All of the data below should be repeated exactly. Pictures should not be included.

**DATA EXCERPT**.
============

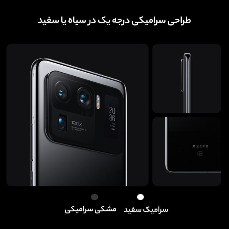 شیائومی Mi 11 Ultra یکی از قدرتمندترین گوشیهای هوشمند این شرکت است که در جایگاه یک گوشی پرچمدار، توانایی ارائه عملکرد بسیار خوبی را دارد. این گوشی به صفحهنمایش با ابعاد 6.81 اینچ و رزولوشن 1440×3200 پیکسل از نوع AMOLED مجهز شده است. صفحهنمایش بسیار باکیفیت که توانایی نمایش 515 پیکسل در هر اینچ و نرخ بروزرسانی 120 هرتز را دارد. روشنایی 1700 نیت (شمع در متر مربع) هم از دیگر قابلیتهای جذاب این صفحهنمایش است. در قسمت پشتی این گوشی شاهد قرار گیری سه سنسور دوربین هستیم که توانایی ارائه عملکرد فوق العادهای را دارند. یک سنسور دوربین اصلی با رزولوشن 50 مگاپیکسل از نوع عریض در کنار سنسور 48 مگاپیکسل از نوع پریسکوپ تلهفوتو و سنسور 48 مگاپیکسل از نوع فوق عریض (ultrawide) با زاویه دید 128 درجه، سنسورهای دروبین سهگانه شیائومی Mi 11 Ultra را تشکیل میدهند. برای دوربین سلفی هم سنسور با رزولوشن 20 مگاپیکسل در نظر گرفته شده است. حضور پردازنده قدرتمند اسنپدراگون 888 5G شرکت کوالکام سبب شده تا شیائومی Mi 11 Ultra بهراحتی از پس سنگینترین بازیهای ممکن روز دنیا بربیاید و از طرفی امکان پشتیبانی از شبکههای اینترنتی نسل پنجم یا همان 5G را هم داشته باشد. باتری با میزان ظرفیت 5000 میلیآمپرساعت هم از دیگر مشخصات در نظر گرفته شده است. پشتیبانی از فناوری شارژ سریع 67 واتی سبب شده هم تا شارژ صفر تا صد درصدی باتری در مدت زمان بسیار کوتاه 36 دقیقه انجام شود.
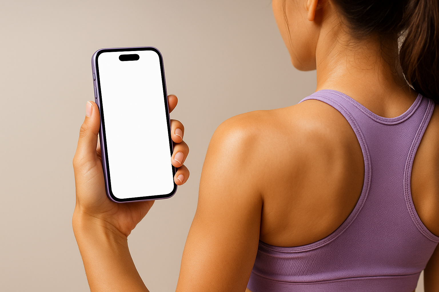 A sporty woman in a purple top holds a purple smartphone with a blank white screen, captured from behind to emphasize her athletic build and dynamic pose.
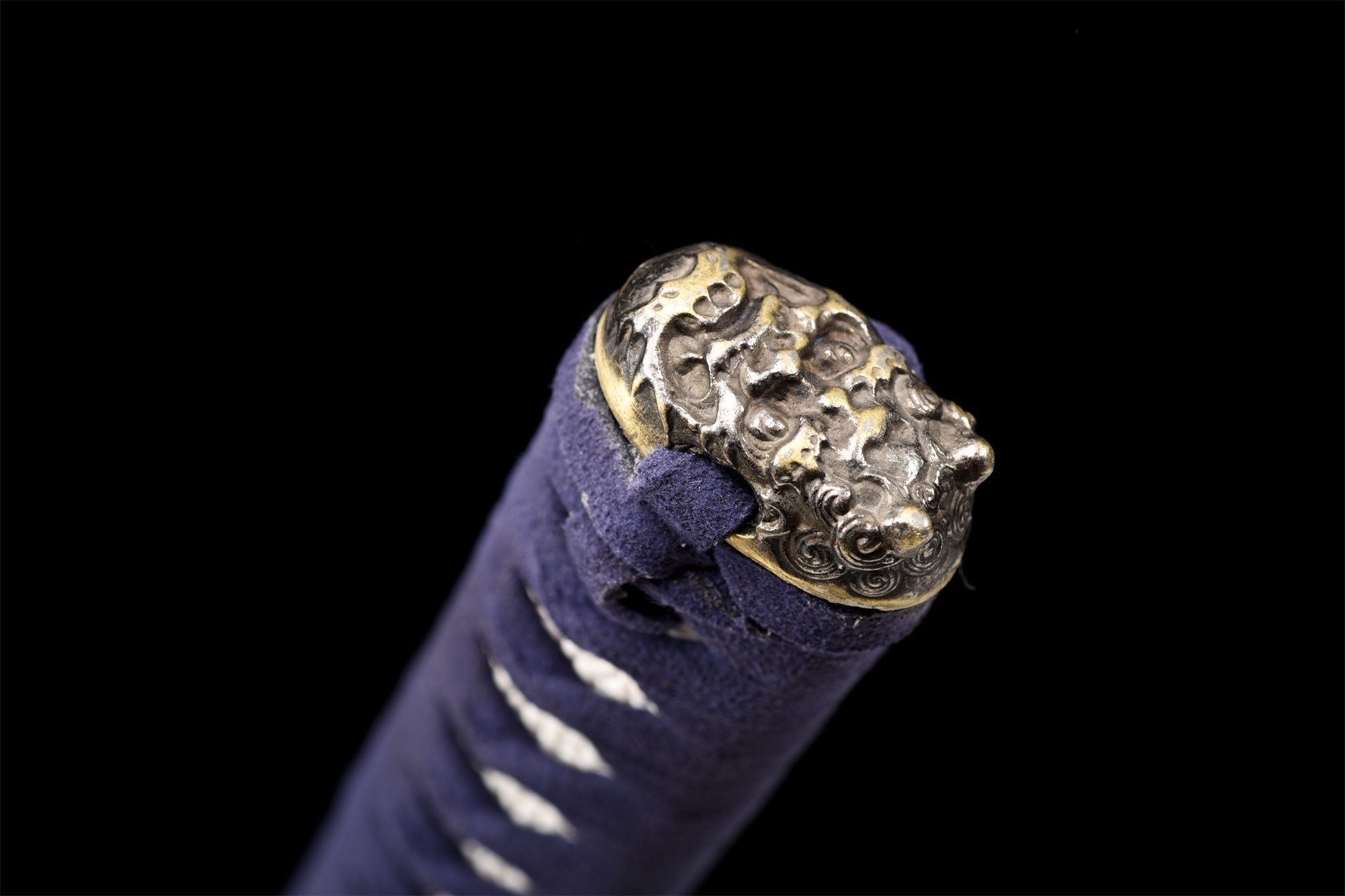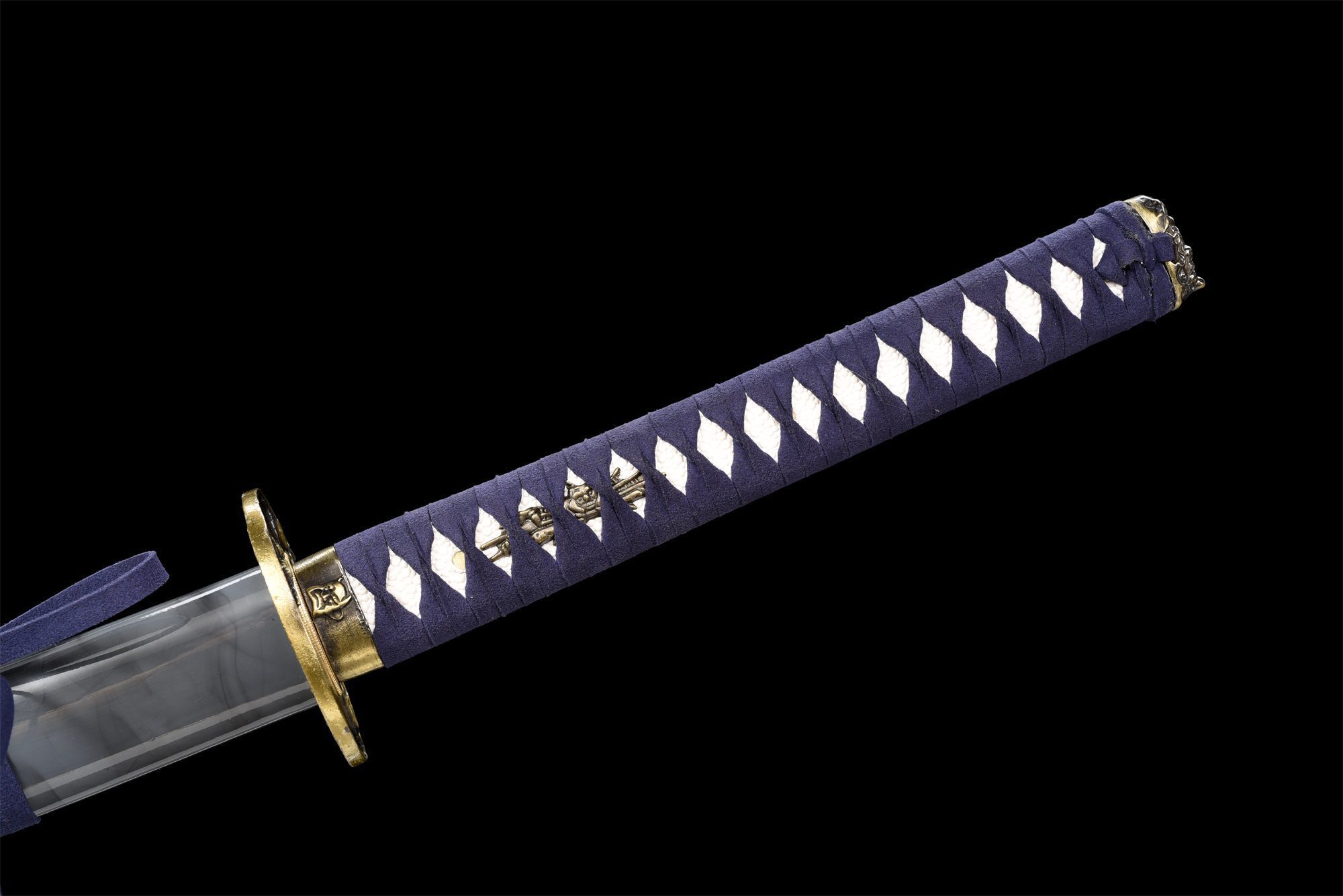- Tsuka-ITO (柄糸): Azul trenzado en forma de rombos sobre la empuñadura.

============

**OUTPUT FOR THIS EXERCISE**.
 شیائومی Mi 11 Ultra یکی از قدرتمندترین گوشیهای هوشمند این شرکت است که در جایگاه یک گوشی پرچمدار، توانایی ارائه عملکرد بسیار خوبی را دارد. این گوشی به صفحهنمایش با ابعاد 6.81 اینچ و رزولوشن 1440×3200 پیکسل از نوع AMOLED مجهز شده است. صفحهنمایش بسیار باکیفیت که توانایی نمایش 515 پیکسل در هر اینچ و نرخ بروزرسانی 120 هرتز را دارد. روشنایی 1700 نیت (شمع در متر مربع) هم از دیگر قابلیتهای جذاب این صفحهنمایش است. در قسمت پشتی این گوشی شاهد قرار گیری سه سنسور دوربین هستیم که توانایی ارائه عملکرد فوق العادهای را دارند. یک سنسور دوربین اصلی با رزولوشن 50 مگاپیکسل از نوع عریض در کنار سنسور 48 مگاپیکسل از نوع پریسکوپ تلهفوتو و سنسور 48 مگاپیکسل از نوع فوق عریض (ultrawide) با زاویه دید 128 درجه، سنسورهای دروبین سهگانه شیائومی Mi 11 Ultra را تشکیل میدهند. برای دوربین سلفی هم سنسور با رزولوشن 20 مگاپیکسل در نظر گرفته شده است. حضور پردازنده قدرتمند اسنپدراگون 888 5G شرکت کوالکام سبب شده تا شیائومی Mi 11 Ultra بهراحتی از پس سنگینترین بازیهای ممکن روز دنیا بربیاید و از طرفی امکان پشتیبانی از شبکههای اینترنتی نسل پنجم یا همان 5G را هم داشته باشد. باتری با میزان ظرفیت 5000 میلیآمپرساعت هم از دیگر مشخصات در نظر گرفته شده است. پشتیبانی از فناوری شارژ سریع 67 واتی سبب شده هم تا شارژ صفر تا صد درصدی باتری در مدت زمان بسیار کوتاه 36 دقیقه انجام شود.
 A sporty woman in a purple top holds a purple smartphone with a blank white screen, captured from behind to emphasize her athletic build and dynamic pose.
- Tsuka-ITO (柄糸): Azul trenzado en forma de rombos sobre la empuñadura.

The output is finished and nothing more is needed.